Very many interesting games and puzzle concepts are being developed by the flash-gaming community. An example of such an interesting puzzle is Nodes, developed by Eggy (Bradley Erkelens) with the assistance some not further clarified person named Frank. The goal of the puzzle is to position the nodes of a graph in such a way that the vertices cross through a set of small circles. This game is also available on the iPhone, though unfortunately not through Eggy, nor with his consent.
Nodes (iTunes Link) from the ukrainian company Olmob is the most direct copy of Eggy’s game. Eggy explained:
“Then that guy made that recently and I emailed him about it asking if he copied me, he says he didn’t and it’s a coincidence…I find it hard to believe to be honest…but nothing I can do either way.”
I also don’t believe a word of the story that Olmob got onto the same game independently. The name of the game, the gameplay, the level design, and even the visual design of the puzzle is too similar to Eggy’s original. Don’t spend money on such a rip-off!
Laser-Puzzle (iTunes Link) uses the same puzzle-principle, but at least the styling and the name are completely different (see screenshot to the right). The really great improvement of this implementation is that you can use multi-touch to solve it! This is really a breakthrough development. It might sound like a small change, but actually solving these kinds of puzzles becomes so much more fun when you can move both ends of the line at the same time.
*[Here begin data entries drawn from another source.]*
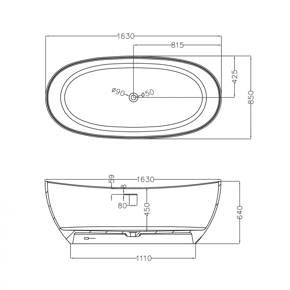 Ванна из искусственного камня Abber Stein 163x85 белая матовая (AS9615-1.6)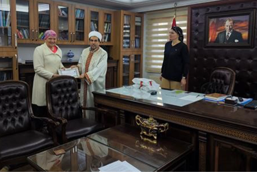 Müslüman olan Louisa Maria Petronella Sturkenboom’a İlçe Müftüsü Taner tarafından ihtida belgesi ile Kur’an-ı Kerim ve Felemenkçe Kur’an Meali başta olmak üzere hediyelerini takdim etti.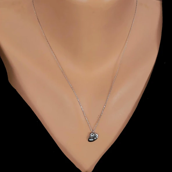 925 Ayar Gümüş Vav Allah Yazılı Kolye, Beyaz Siyah - Beyaz Taş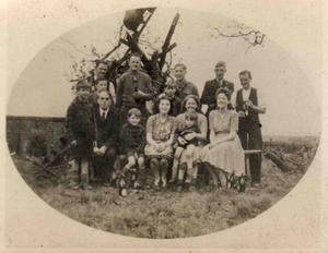 The family and friends of Mr. F Burditt shown in the above photograph are starting with the two men standing to the right of the two New Zelanders, a Family Friend, Mr. F Burditt's father. standing to the right of the New Zelanders is another family friend with Russell his brother's friend stood in front. The front row from left to right Mr. F Burditt's yongest brother Harold, Mr. Jim Corbridge, Mr. F Burditt's eldest nephew Ronne, Mr. F Burditt's eldest brother Stanley, Mr. F Burditt's eldest sister Lilian, Mr. F Burditt's youngest nephew Frankie sat on Mr. F Burditt's mother's knee, Mr. F Burditt's youngest sister Kathleen.

In the latest update there is now also (finally) an ‘easy’ puzzle-mode without time pressure. I still don’t get what is so interesting about time-pressure in puzzles. I have said it before, but I’ll repeat it again: time pressure is only necessary when the puzzle-design is too simple to be enjoyable in itself. In this case, time pressure is simply completely unnecessary. For example, the solution to the puzzle to the right is shown to the left here. It surely is not trivial, and I got a nice ‘aha’ when finding the solution.
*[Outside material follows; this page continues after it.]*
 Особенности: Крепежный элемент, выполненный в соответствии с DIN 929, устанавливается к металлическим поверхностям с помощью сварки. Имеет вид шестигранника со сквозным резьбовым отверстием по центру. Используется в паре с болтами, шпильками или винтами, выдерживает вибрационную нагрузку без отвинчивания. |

As an aside, this kind of puzzle actually has a long history. Both the old grandmasters of puzzle design Sam Loyd and Henry E. Dudeney made some puzzles that are strongly related to Nodes, though I guess that none of the current developers had any knowledge of this origin. In Dudeney’s Amusements in Mathematics (1917), there are various puzzles in the section Dynamical Chess Puzzles (specifically “Star Puzzle”, “Yacht Race”, and “Scientific Scater”) in which the objective is to find a route that passes through all points in a rectangular grid of 8×8 points. The route has to consist of straight lines, and the question is to find the route with the least amount of turns. Sam Loyd’s puzzle Going Into Action is of the same type.
The solutions to these old puzzles were actually not very interesting, but many new solutions were found for different grid-sizes in the wake of a challenge posted by Ed Pegg Jr. on Mathpuzzle in 1999. It turns out that minimal solutions get really interesting once you let go of the assumption that the route has to be inside the grid (see for example the 4×5 solution with only 7 lines to the right). For a summary of the findings from this challenge, see Ed Pegg’s summary.